(Your objective): Some of the lines below need repeating. Reproduce exactly those between the lines holding "The Facade of" and "This is Nutricia", inclusive.

** Material for the task follows **

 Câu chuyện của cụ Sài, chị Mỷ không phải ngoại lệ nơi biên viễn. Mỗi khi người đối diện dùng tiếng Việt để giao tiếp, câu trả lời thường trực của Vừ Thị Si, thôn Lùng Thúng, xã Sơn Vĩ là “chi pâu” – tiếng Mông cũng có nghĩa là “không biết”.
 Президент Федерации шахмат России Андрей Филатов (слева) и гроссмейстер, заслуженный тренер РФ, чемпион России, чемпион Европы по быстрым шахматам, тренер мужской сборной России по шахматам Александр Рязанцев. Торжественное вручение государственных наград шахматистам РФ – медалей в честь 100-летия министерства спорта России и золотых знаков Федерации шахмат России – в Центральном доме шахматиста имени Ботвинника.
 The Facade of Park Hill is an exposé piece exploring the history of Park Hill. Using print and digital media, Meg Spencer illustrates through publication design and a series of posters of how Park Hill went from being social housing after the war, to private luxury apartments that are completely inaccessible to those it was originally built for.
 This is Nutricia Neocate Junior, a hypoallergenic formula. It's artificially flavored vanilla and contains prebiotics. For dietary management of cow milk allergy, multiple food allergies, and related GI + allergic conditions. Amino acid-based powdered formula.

** End of Material for the task **
** Material for the task follows **

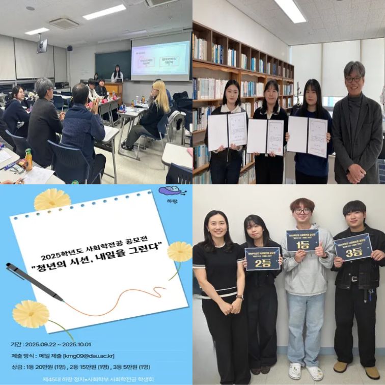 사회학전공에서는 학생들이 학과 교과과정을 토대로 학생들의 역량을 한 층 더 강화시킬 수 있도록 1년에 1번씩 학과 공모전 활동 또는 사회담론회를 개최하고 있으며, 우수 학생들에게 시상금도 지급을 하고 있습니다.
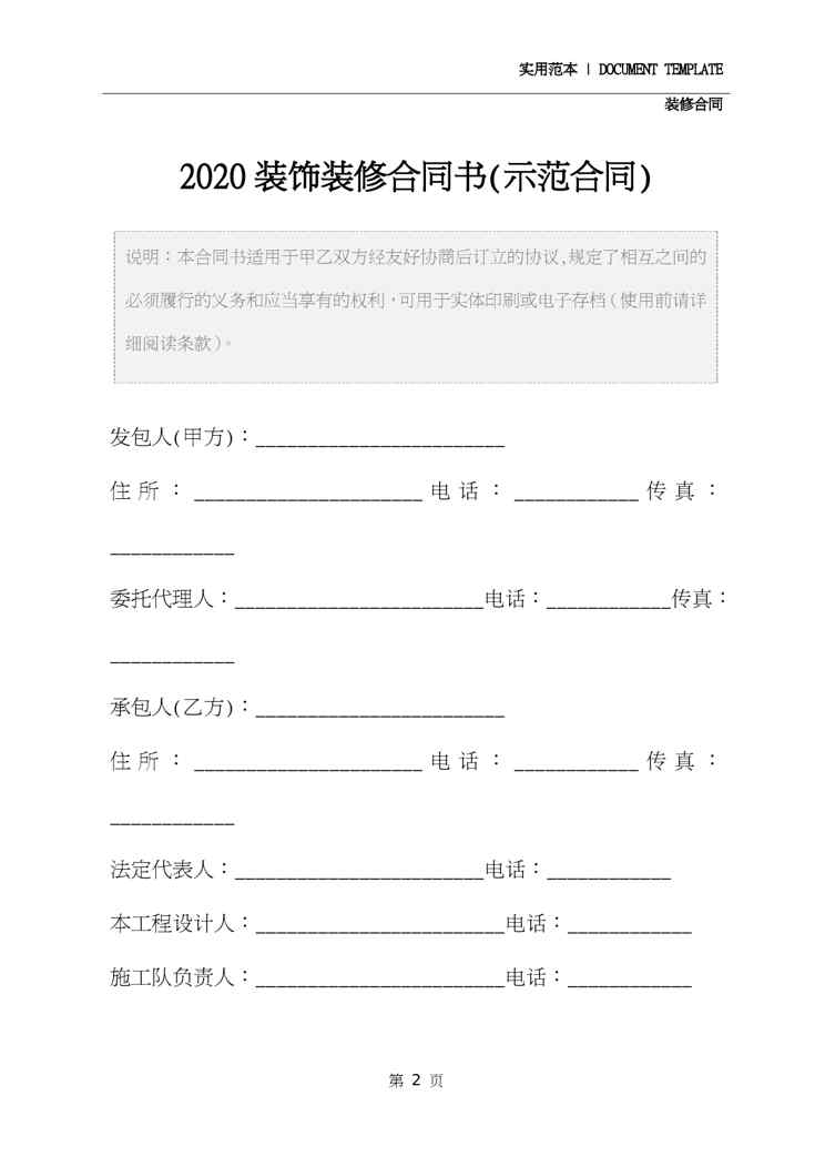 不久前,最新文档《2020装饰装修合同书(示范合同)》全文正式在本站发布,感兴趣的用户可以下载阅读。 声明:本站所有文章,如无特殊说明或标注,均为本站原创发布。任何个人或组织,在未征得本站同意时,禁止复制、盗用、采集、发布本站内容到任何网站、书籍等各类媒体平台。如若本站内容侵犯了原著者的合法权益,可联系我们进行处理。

** End of Material for the task **
** Material for the task follows **

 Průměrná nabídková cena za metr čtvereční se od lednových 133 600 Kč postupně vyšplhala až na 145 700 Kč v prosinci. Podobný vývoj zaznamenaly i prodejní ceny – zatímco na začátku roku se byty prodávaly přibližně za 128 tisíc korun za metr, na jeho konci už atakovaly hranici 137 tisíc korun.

** End of Material for the task **

(Reply):
 The Facade of Park Hill is an exposé piece exploring the history of Park Hill. Using print and digital media, Meg Spencer illustrates through publication design and a series of posters of how Park Hill went from being social housing after the war, to private luxury apartments that are completely inaccessible to those it was originally built for.
 This is Nutricia Neocate Junior, a hypoallergenic formula. It's artificially flavored vanilla and contains prebiotics. For dietary management of cow milk allergy, multiple food allergies, and related GI + allergic conditions. Amino acid-based powdered formula.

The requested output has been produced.